━━━ Material provided ━━━

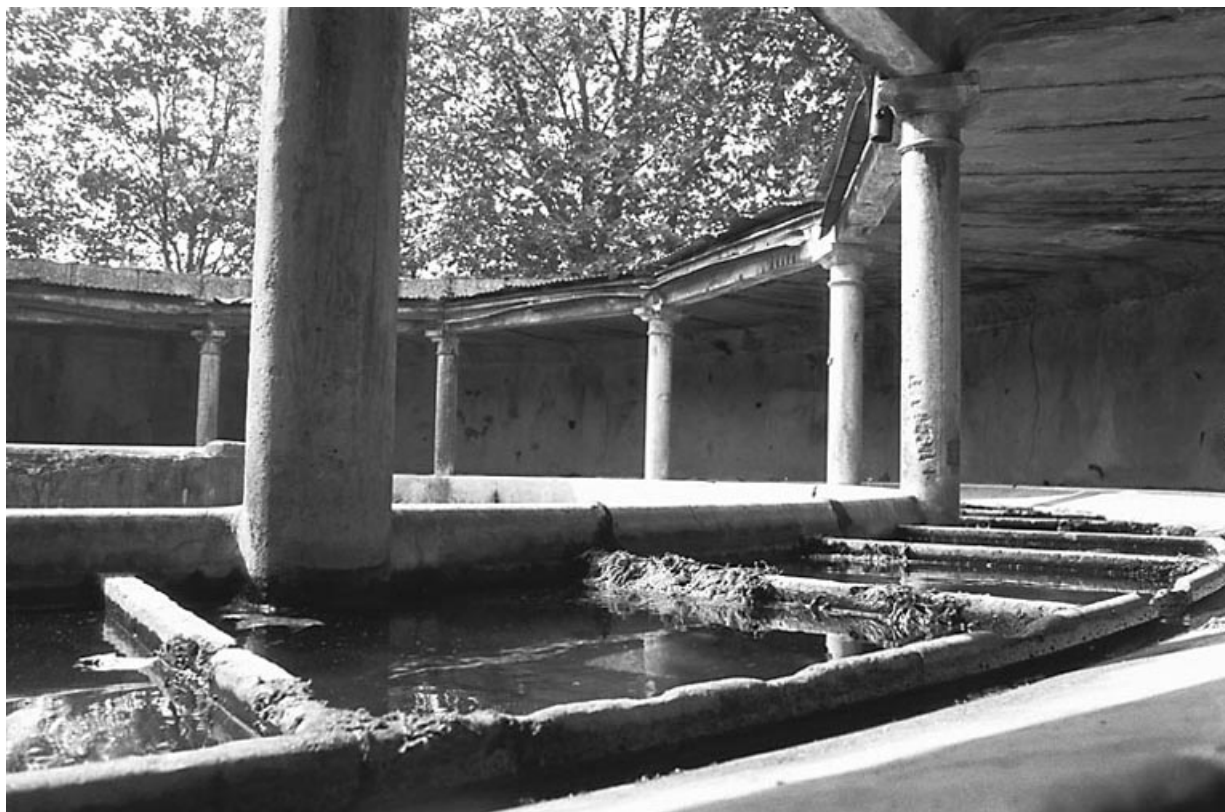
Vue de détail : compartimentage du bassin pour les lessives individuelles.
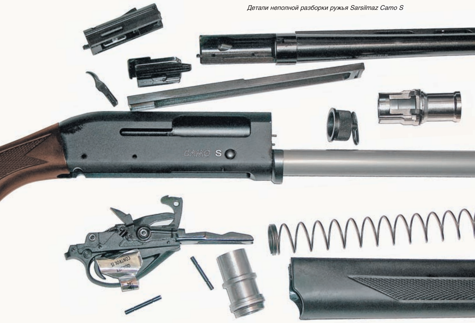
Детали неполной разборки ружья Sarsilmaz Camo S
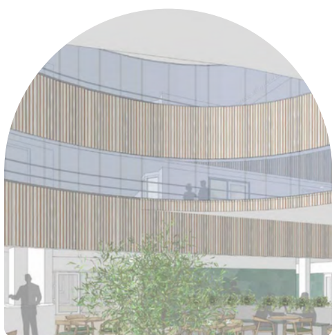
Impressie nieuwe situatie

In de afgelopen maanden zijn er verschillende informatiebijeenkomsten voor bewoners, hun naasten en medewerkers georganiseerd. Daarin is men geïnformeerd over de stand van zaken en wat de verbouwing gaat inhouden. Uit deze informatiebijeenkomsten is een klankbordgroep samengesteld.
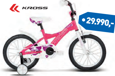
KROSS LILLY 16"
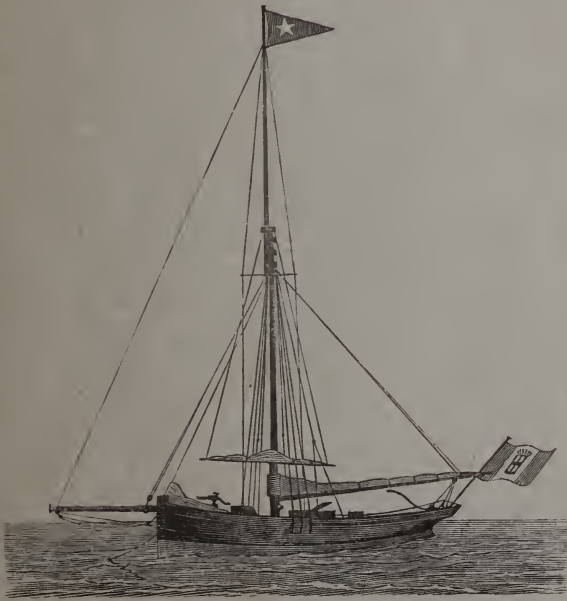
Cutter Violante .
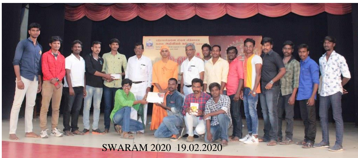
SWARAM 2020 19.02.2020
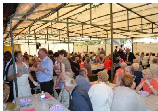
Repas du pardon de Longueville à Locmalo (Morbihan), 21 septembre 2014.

━━━
━━━ Material provided ━━━

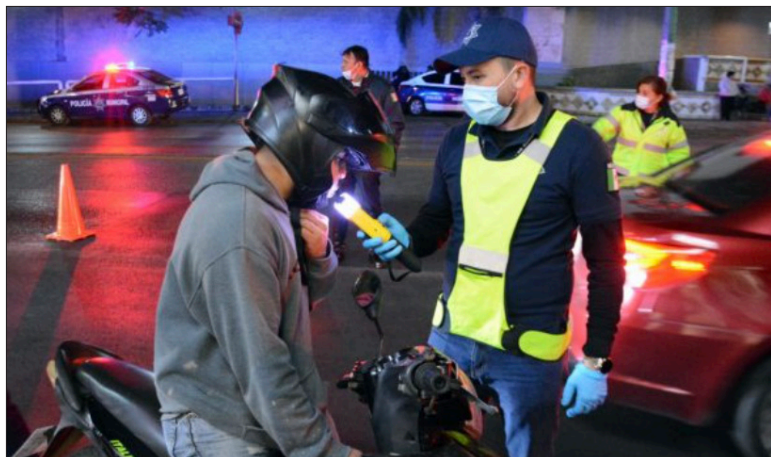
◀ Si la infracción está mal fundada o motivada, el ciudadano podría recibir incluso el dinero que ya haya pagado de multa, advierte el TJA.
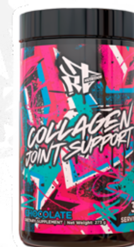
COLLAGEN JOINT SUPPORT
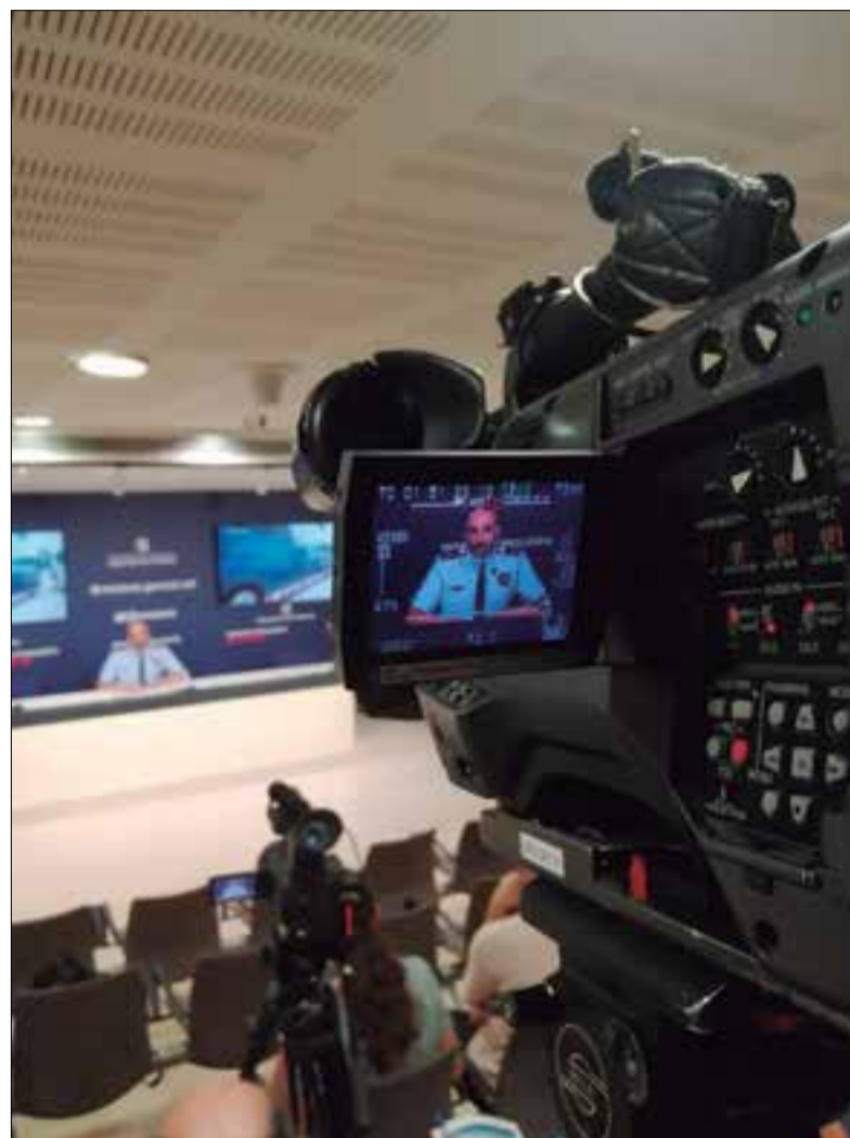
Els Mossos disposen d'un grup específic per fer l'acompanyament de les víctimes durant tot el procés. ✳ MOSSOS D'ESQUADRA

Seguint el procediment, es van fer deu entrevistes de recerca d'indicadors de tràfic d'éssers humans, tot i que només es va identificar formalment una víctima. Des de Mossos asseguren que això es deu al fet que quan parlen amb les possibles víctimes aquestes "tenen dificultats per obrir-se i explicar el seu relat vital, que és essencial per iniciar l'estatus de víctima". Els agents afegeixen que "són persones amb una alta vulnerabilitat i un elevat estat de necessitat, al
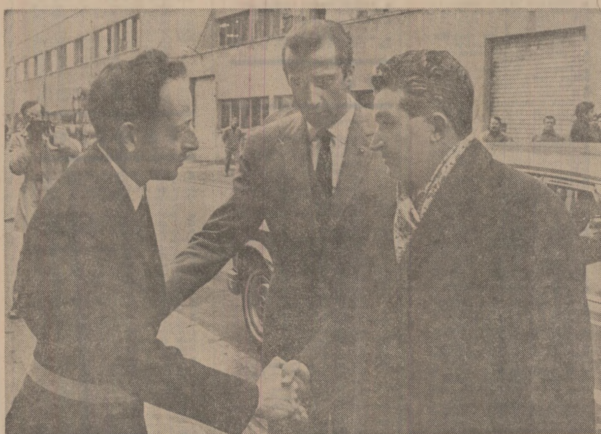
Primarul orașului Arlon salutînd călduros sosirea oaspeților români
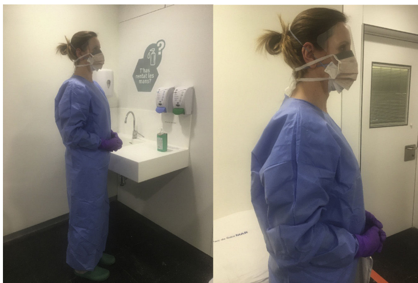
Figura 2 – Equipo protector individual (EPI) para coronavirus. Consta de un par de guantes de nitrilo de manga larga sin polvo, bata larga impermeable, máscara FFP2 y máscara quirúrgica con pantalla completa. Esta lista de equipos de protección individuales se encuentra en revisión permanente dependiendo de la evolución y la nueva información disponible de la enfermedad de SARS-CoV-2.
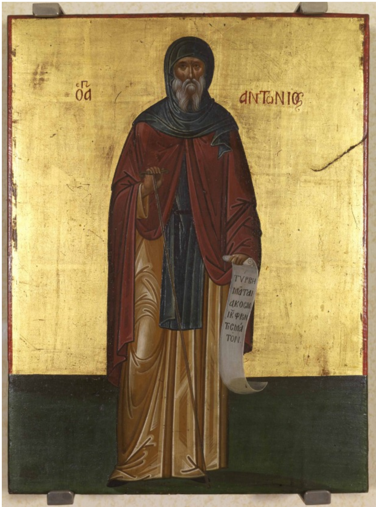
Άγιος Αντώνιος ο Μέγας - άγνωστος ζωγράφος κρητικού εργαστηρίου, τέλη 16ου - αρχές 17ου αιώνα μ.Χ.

━━━
━━━ Material provided ━━━

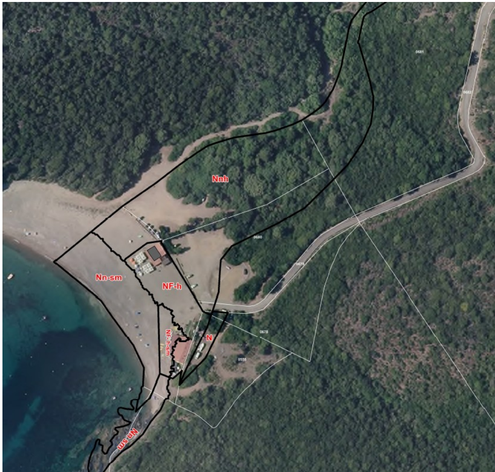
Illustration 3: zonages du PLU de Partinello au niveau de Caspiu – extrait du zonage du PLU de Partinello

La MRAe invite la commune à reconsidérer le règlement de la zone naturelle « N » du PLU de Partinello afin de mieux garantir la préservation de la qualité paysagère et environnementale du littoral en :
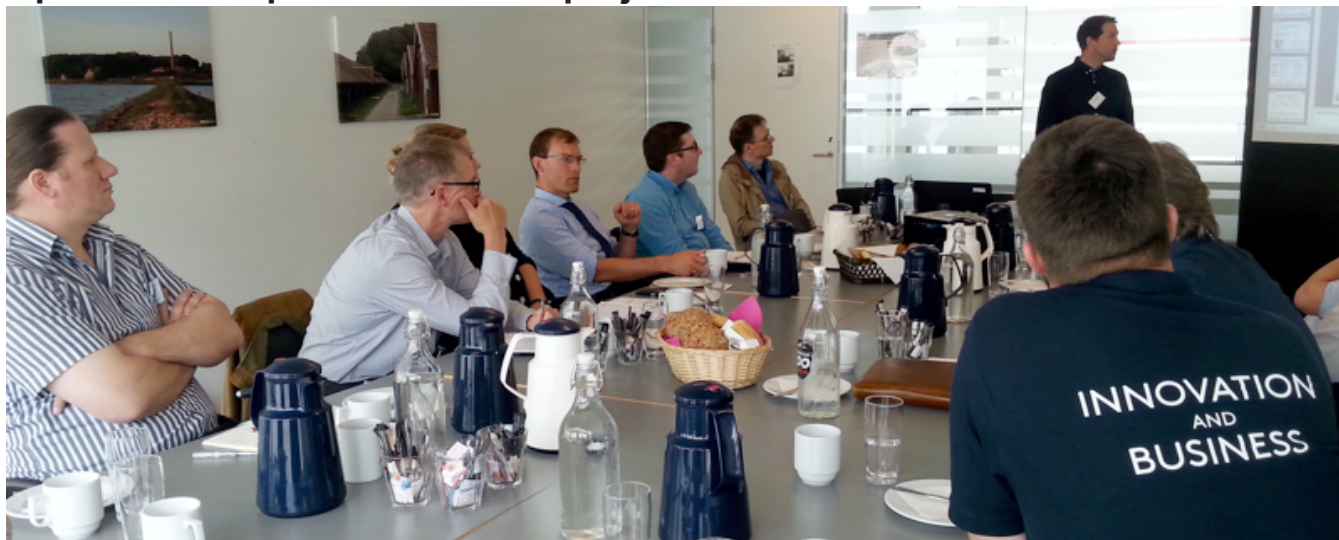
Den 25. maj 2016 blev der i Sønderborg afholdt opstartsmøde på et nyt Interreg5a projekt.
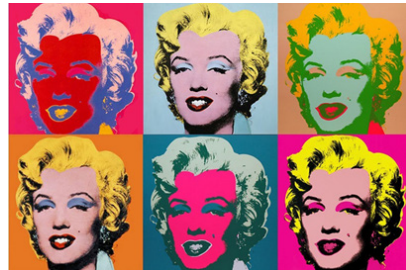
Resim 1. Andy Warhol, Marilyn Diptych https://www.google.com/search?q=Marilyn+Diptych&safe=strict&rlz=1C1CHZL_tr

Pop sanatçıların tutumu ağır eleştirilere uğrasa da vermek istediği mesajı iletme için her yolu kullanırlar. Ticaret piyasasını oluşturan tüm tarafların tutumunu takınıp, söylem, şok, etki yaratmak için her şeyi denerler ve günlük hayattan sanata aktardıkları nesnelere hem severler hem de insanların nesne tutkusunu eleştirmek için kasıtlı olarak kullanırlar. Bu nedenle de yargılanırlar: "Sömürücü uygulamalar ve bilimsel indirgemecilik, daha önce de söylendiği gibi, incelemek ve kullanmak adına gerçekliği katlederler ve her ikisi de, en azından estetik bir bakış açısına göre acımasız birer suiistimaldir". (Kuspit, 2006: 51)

━━━

__Exercise prompt__.
Find every line in the records above that contains the word "Partinello", and copy each one.

__Result__.
Illustration 3: zonages du PLU de Partinello au niveau de Caspiu – extrait du zonage du PLU de Partinello
La MRAe invite la commune à reconsidérer le règlement de la zone naturelle « N » du PLU de Partinello afin de mieux garantir la préservation de la qualité paysagère et environnementale du littoral en :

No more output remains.